The material below holds pictures, which are to be left out; copy exactly the lines from the one with "Violette Elfenblume - Epimedium" through the one with "Božički so letos".

* [Stored data]:
────────
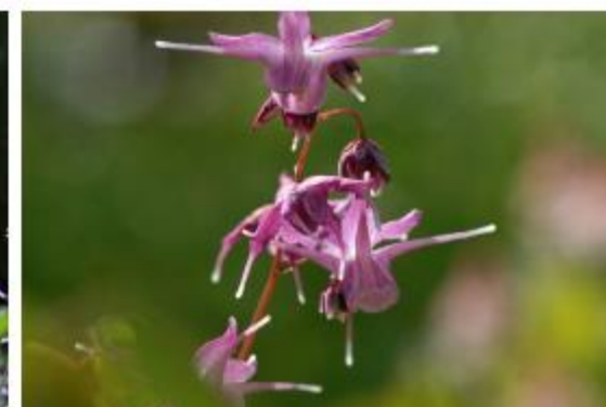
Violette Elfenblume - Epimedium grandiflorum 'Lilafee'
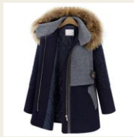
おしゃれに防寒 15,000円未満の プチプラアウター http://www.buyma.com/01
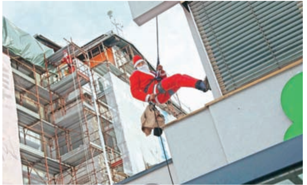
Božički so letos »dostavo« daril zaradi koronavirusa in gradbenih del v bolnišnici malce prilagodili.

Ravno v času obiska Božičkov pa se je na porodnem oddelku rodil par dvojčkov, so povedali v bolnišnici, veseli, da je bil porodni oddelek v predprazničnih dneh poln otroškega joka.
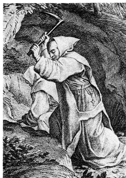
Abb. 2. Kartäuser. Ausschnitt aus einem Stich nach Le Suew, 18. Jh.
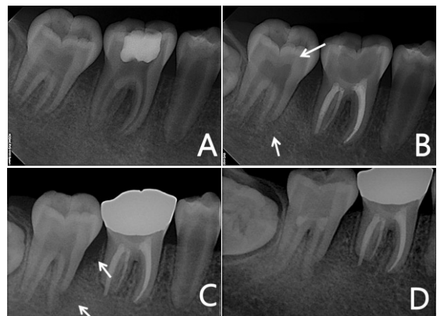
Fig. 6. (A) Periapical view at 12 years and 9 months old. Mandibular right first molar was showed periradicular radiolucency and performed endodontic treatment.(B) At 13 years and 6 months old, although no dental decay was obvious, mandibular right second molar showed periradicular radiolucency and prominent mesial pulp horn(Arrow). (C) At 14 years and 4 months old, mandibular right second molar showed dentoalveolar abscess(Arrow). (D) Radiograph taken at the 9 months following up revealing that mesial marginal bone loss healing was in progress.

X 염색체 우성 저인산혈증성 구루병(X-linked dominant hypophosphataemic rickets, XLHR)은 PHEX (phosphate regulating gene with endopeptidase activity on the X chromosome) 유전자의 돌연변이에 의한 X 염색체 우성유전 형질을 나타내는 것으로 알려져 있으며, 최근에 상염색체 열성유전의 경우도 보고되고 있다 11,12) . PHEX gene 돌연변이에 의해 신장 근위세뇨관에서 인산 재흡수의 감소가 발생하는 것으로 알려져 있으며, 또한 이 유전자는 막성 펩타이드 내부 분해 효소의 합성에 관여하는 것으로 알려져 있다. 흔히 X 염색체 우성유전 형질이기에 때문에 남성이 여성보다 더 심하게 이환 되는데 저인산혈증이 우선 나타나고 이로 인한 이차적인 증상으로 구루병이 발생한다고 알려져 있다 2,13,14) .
────────
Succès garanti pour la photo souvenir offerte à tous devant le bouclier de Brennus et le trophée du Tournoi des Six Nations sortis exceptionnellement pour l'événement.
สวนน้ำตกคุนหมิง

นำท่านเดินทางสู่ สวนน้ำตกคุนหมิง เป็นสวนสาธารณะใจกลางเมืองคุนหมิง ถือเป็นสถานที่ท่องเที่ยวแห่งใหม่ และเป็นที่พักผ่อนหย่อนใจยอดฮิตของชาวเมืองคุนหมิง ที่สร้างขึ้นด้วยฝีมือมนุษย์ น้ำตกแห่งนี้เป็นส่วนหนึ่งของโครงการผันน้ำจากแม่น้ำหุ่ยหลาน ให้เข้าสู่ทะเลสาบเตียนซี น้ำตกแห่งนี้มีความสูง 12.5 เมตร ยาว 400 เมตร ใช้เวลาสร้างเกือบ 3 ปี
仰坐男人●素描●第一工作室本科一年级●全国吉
────────
* [Task response]:
Violette Elfenblume - Epimedium grandiflorum 'Lilafee'
おしゃれに防寒 15,000円未満の プチプラアウター http://www.buyma.com/01
Božički so letos »dostavo« daril zaradi koronavirusa in gradbenih del v bolnišnici malce prilagodili.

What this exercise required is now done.